For more information about the VPTree
, you can head here.
const VPTree = require('mnemonist/vp-tree');
Constructor
Since you need to know the whole list of items to be indexed beforehand, you cannot construct the VPTree
. Instead, you can only build one from an iterable using the static #.from
method.
Static #.from
You need two things to be able to build a VPTree
: a list of items to index and an arbitraty distance metric to use (the Levenshtein distance, for instance).
Note that the provided metric distance must be a true metric else the tree cannot work properly.
const tree = VPTree.from(['hello', 'mello'], distance);
The tree is built in O(n log n)
time.
Members
Methods
Read
#.size
Total number of items stored in the tree.
const tree = new VPTree(distance, ['hello']);
tree.size
>>> 1
#.nearestNeighbors
Returns the k nearest neighbors of the given query. Note that the resulting array will be ordered with by ascending distance.
O(log n + m)
, m being the number of matches.
const words = [
'book',
'back',
'bock',
'lock',
'mack',
'shock',
'ephemeral'
];
const tree = new VPTree(levenshtein, words);
// Retrieving the 2 nearest neighbors of "look"

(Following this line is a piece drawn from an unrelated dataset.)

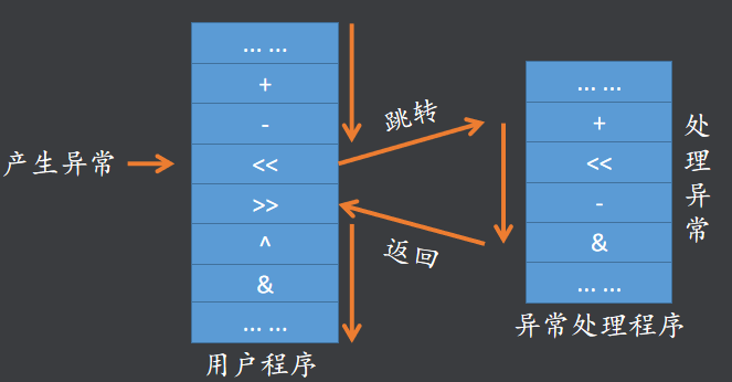 - 计算机中对异常的处理套路:异常产生时,CPU就要将当前的程序暂停下来转而去处理这个异常的事件,异常事件处理完成之后再返回到被异常打断的点继续执行程序

tree.nearestNeighbors(2, 'look');
>>> [
{distance: 1, item: 'lock'},
{distance: 1, item: 'book'}
]
#.neighbors
Return all the neighbors of the given query for the given radius. Note that the resulting array will not be ordered.
O(log n + m)
, m being the number of matches.
const words = [
'book',
'back',
'bock',
'lock',
'mack',
'shock',
'ephemeral'
];
const tree = new VPTree(levenshtein, words);
// Retrieving all the neighbors of "look" at a maximum distance of 2
tree.neighbors(2, 'look');
>>> [
{distance: 1, item: 'lock'},
{distance: 1, item: 'book'},
{distance: 2, item: 'bock'}
]